P - (-1, 11), Q - (2,5), R - (-2, 3). Angle PQR = 90 degrees. The line PQ is produced to S, so that QS = PQ. Calculate the coordinates of S.

thanks

2. ## Re: simple coordinate geometry question that is stumping me for some strange reason

Originally Posted by Ife
P - (-1, 11), Q - (2,5), R - (-2, 3). Angle PQR = 90 degrees. The line PQ is produced to S, so that QS = PQ. Calculate the coordinates of S.

thanks
1. Draw a sketch!

2. Let $\displaystyle \overrightarrow{OP} = \vec p = \langle -1, 11 \rangle$

$\displaystyle \overrightarrow{OQ} = \vec q = \langle 2, 5 \rangle$

3. $\displaystyle \overrightarrow{PQ} = \vec q - \vec p = \langle 3,-6 \rangle = \vec d$

4. $\displaystyle \overrightarrow{QS} = \vec q + \vec d = \langle 5, -1 \rangle$

5. Therefore the point S has the coordinates S(5, -1)
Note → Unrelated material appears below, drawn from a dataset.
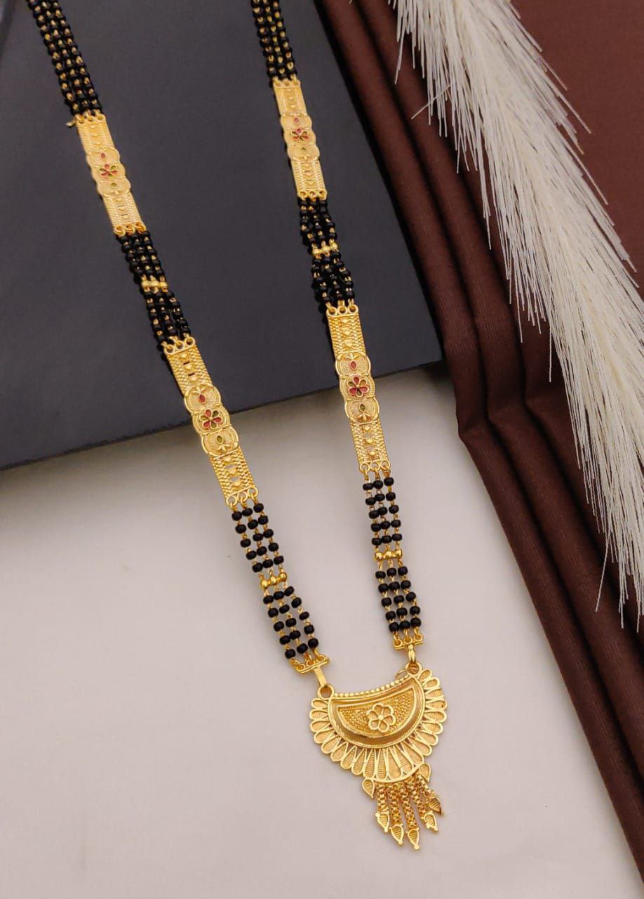Embrace tradition with a touch of modern elegance with this Forming AD Diamond High Gold Plated 3-Line Mangalsutra. Designed to symbolize love and commitment, this exquisite piece features three delicate black bead chains, complemented by a beautifully crafted American Diamond (AD) studded pendant, all finished with high gold plating for a luxurious look.

3. ## Re: simple coordinate geometry question that is stumping me for some strange reason

another method. Given P,Q and PQ=QS no further info is required.Slope of PQ =-6/3 = slope of QS.S is then 3 units right ofQ and 6 units down from Q (5,-1)
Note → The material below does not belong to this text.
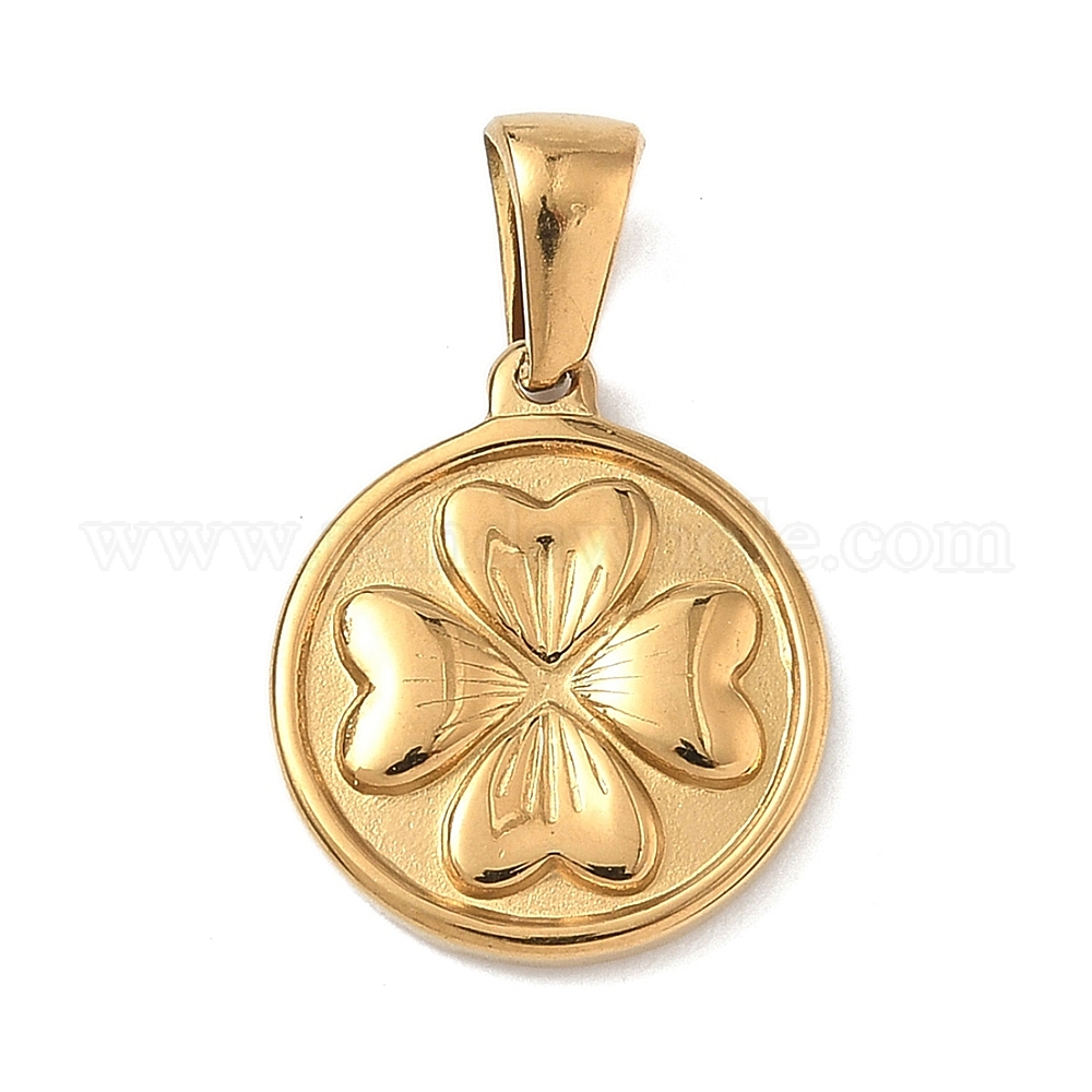 304 подвески из нержавеющей стали, плоские круглые с клевером, ручная полировка, ионное покрытие (ip)

4. ## Re: simple coordinate geometry question that is stumping me for some strange reason

Originally Posted by bjhopper
another method. Given P,Q and PQ=QS no further info is required.Slope of PQ =-6/3 = slope of QS.S is then 3 units right ofQ and 6 units down from Q (5,-1)
thanks, but moving 3 across and 6 down to (5, -1) guarantees that QS = PQ?

5. ## Re: simple coordinate geometry question that is stumping me for some strange reason

Hello, Ife!

Thanks, but moving 3 across and 6 down to (5, -1) guarantees that QS = PQ?

Yes, it does!

Moving from $\displaystyle P(\text{-}1.11)$ to $\displaystyle Q(2,5)$, we move 3 right and 6 down.

Moving from $\displaystyle Q(2,5)$ to $\displaystyle S(5,\text{-}1)$, we move 3 right and 6 down.

The distances are equal . . . aren't they?